Sometimes the key indicators of changes are easy to see and sometimes they aren’t. This wasn’t always so. Before our connected world, before we all carried mobile telephony constantly, and when our Facebook status didn’t derive our mood, we lived in a world where change seemed to happen as a series small or very large earthquakes. It would be still for some extended period, then something major would happen and it would alter our world. These days the ground shakes almost constantly beneath us, and we’ve almost ceased to notice the movement and motion it creates.
My first memory of an earth-changing moment happened when I was very young, and I watched Neil Armstrong walk on the moon’s surface. Indeed it was one small step for man, and a giant leap for mankind. With that simple act, we moved without doubt beyond our own world, and opened a new frontier. It was a seminal moment for our race – something the new iWhatever doesn’t necessarily rate highly against, but we treat the same way it seems.
We saw a small but significant passing this week in my country indicative that another change was now to be properly relegated to the history books – our last World War One veteran passed away at the ripe old age of 110. There is no one left that can offer their perspectives and tales of what happened, it’s stories from dead people now.

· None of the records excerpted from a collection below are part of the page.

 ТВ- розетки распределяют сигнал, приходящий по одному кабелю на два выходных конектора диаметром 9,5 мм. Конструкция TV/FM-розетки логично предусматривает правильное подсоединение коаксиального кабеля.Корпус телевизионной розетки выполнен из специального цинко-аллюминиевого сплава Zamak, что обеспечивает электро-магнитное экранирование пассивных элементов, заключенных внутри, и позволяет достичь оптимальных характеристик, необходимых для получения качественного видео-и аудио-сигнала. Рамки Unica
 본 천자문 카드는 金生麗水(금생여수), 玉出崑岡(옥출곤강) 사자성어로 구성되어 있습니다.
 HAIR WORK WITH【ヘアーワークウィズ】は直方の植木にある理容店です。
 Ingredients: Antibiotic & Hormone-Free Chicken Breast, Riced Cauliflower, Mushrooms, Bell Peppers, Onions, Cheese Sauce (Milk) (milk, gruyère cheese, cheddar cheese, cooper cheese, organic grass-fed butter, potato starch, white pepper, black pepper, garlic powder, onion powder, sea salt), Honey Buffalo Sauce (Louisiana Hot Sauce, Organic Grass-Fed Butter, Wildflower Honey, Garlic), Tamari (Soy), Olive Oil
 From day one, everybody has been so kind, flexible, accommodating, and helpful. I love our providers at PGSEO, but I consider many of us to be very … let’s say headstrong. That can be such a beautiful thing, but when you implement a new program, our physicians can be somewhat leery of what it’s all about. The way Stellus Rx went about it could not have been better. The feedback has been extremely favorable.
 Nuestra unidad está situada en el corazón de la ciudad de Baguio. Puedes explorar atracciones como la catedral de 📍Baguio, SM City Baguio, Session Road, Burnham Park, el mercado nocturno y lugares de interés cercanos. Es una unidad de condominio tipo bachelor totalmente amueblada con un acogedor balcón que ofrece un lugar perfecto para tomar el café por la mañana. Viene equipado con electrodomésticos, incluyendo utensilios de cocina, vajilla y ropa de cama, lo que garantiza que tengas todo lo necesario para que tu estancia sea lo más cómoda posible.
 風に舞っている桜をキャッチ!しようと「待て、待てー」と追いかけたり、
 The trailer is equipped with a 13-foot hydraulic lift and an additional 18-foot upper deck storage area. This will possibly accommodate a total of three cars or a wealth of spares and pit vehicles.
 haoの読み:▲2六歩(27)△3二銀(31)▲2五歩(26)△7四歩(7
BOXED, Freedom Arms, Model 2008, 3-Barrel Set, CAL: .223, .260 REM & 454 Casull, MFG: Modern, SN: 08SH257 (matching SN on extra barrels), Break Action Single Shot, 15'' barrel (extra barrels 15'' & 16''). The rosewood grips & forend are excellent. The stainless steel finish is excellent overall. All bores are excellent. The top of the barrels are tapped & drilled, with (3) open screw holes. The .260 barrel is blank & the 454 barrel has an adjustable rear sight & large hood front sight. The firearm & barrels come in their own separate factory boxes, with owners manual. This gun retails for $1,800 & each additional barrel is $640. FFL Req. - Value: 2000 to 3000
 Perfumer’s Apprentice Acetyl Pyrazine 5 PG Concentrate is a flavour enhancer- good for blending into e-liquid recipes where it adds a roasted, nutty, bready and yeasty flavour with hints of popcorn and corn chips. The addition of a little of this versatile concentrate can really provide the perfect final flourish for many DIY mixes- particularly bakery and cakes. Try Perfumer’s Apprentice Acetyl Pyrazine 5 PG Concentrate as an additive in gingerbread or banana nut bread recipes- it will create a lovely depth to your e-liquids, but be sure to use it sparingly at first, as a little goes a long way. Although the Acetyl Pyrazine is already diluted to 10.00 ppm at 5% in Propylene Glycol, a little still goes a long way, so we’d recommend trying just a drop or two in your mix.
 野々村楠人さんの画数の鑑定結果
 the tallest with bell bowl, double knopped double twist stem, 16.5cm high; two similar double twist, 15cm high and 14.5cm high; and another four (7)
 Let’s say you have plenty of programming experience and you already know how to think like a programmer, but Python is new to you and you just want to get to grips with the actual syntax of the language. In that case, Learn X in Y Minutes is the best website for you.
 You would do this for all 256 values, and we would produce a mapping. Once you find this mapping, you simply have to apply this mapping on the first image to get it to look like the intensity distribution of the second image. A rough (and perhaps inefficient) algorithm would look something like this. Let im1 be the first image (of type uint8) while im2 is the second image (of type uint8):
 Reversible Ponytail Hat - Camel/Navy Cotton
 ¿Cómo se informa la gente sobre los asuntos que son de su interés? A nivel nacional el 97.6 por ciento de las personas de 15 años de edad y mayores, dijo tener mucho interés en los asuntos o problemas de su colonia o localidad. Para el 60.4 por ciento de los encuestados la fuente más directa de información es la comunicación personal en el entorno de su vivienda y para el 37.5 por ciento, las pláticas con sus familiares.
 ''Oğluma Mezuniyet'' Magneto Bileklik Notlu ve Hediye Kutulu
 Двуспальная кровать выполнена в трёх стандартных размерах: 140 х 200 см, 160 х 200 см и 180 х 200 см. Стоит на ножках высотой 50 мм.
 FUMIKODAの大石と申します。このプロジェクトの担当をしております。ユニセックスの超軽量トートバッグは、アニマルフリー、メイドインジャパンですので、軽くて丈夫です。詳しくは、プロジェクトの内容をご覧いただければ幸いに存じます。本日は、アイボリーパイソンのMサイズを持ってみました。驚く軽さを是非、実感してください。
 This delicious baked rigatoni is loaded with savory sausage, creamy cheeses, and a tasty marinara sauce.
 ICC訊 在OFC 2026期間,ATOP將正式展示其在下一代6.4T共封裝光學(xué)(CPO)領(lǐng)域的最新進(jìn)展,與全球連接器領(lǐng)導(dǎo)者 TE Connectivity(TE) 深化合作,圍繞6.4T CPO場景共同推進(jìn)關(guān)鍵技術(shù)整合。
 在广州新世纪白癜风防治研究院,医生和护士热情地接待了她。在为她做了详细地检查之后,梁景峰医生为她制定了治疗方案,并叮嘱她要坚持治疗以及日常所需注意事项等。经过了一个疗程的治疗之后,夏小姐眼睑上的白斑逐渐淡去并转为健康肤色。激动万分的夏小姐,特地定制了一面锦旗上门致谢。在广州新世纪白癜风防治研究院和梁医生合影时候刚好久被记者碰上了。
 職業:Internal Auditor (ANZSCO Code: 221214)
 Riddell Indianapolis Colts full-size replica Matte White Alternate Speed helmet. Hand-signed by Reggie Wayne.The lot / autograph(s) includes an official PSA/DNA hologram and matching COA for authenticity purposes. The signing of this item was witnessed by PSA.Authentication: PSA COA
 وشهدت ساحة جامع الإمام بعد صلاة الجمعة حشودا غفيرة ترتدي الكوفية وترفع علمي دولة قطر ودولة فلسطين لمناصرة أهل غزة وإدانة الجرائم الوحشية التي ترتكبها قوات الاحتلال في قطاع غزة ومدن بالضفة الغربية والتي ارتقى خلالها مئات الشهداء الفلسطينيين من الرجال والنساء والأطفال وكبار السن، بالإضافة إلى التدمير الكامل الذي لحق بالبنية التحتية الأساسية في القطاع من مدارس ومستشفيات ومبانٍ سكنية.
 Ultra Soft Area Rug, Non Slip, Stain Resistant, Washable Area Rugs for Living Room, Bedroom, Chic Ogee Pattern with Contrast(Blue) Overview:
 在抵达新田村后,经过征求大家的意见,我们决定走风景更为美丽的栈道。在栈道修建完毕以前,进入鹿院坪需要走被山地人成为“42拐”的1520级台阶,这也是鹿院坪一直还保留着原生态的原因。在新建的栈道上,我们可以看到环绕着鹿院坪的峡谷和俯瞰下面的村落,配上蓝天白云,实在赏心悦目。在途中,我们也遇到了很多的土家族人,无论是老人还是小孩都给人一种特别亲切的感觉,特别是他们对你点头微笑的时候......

We can celebrate their long life and the situations they’d have seen, but I’m not sure we can ever again appreciate what a universe-rocking event that person perceived and saw themselves participating in. My own grandfather was deployed during this ‘great war’ as it was then known, and it represented conflict on a scale never before seen. Virtually the entire planet was trying to annihilate one another. It had the potential of being an extinction level event was the common view at the time. It brought to everyday life horrors hitherto unseen – and now commonly available at the Cineplex sadly. It struck me on reading this news that big change happened less frequently, and was more dramatic then. It also made me think of those that served, and the role they’d have played in this change, and made me wonder what they would have thought of it – both then and in hindsight. Like many involved in any conflict, my own grandfather didn’t speak of what he saw, did or thought, so I’ll never know. I can say with some certainty that he would be uncomfortable with the excitement level about change that we enable today.
He saw the real thing, so the fuss made over a new gadget, celebrity comment or minor business development would be incomprehensible to him. He wouldn't fathom how these ‘rustlings’ represented change worth acknowledging – or perhaps he’d see it for what it is – the small noises that fill the calm between the storms.